(The data)
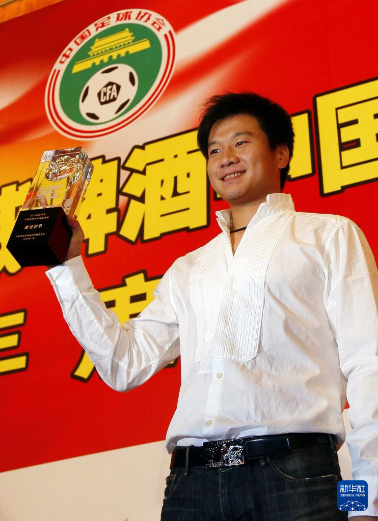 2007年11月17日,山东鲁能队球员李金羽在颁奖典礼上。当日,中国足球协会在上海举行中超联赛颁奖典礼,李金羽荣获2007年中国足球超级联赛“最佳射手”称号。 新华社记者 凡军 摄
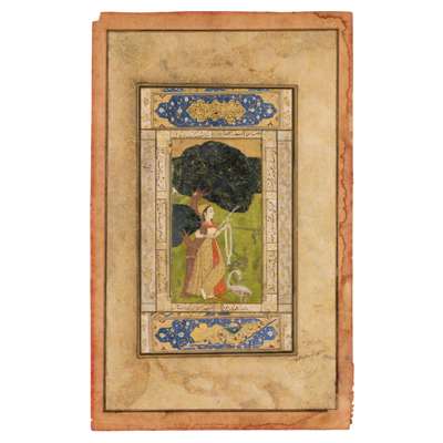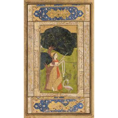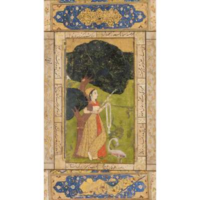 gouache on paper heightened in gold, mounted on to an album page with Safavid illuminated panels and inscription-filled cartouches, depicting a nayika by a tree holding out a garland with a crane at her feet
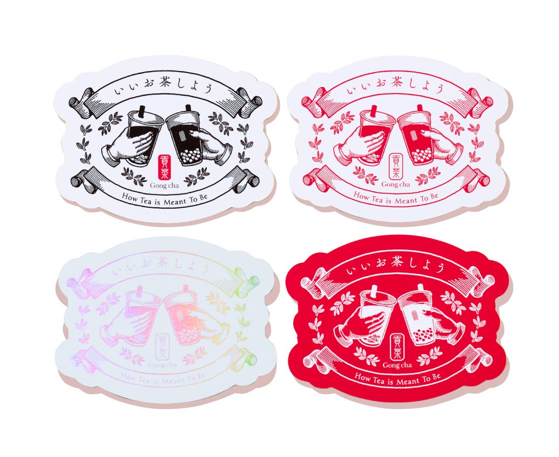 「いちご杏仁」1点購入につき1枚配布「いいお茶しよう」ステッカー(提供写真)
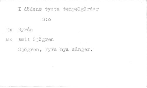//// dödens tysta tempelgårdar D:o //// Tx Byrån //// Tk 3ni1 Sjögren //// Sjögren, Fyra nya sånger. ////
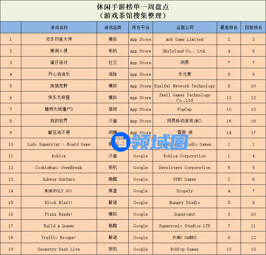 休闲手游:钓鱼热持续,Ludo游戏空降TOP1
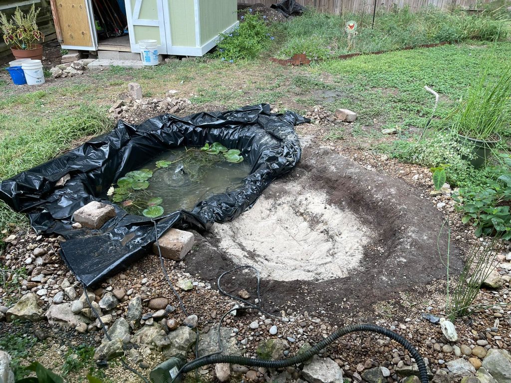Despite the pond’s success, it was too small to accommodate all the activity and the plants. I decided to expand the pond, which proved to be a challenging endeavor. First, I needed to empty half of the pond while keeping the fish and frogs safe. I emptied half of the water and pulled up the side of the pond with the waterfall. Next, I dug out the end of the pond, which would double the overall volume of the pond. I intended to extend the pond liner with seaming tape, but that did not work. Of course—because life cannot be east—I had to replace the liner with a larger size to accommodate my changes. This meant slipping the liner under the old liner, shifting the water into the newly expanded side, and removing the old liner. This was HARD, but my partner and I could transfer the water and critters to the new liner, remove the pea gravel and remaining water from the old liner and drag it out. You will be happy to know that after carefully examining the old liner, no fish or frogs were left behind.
(End The data)
Task brief: Except for the pictures, copy every line of the records above exactly.

Result of the exercise:
 2007年11月17日,山东鲁能队球员李金羽在颁奖典礼上。当日,中国足球协会在上海举行中超联赛颁奖典礼,李金羽荣获2007年中国足球超级联赛“最佳射手”称号。 新华社记者 凡军 摄
 gouache on paper heightened in gold, mounted on to an album page with Safavid illuminated panels and inscription-filled cartouches, depicting a nayika by a tree holding out a garland with a crane at her feet
 「いちご杏仁」1点購入につき1枚配布「いいお茶しよう」ステッカー(提供写真)
//// dödens tysta tempelgårdar D:o //// Tx Byrån //// Tk 3ni1 Sjögren //// Sjögren, Fyra nya sånger. ////
 休闲手游:钓鱼热持续,Ludo游戏空降TOP1
Despite the pond’s success, it was too small to accommodate all the activity and the plants. I decided to expand the pond, which proved to be a challenging endeavor. First, I needed to empty half of the pond while keeping the fish and frogs safe. I emptied half of the water and pulled up the side of the pond with the waterfall. Next, I dug out the end of the pond, which would double the overall volume of the pond. I intended to extend the pond liner with seaming tape, but that did not work. Of course—because life cannot be east—I had to replace the liner with a larger size to accommodate my changes. This meant slipping the liner under the old liner, shifting the water into the newly expanded side, and removing the old liner. This was HARD, but my partner and I could transfer the water and critters to the new liner, remove the pea gravel and remaining water from the old liner and drag it out. You will be happy to know that after carefully examining the old liner, no fish or frogs were left behind.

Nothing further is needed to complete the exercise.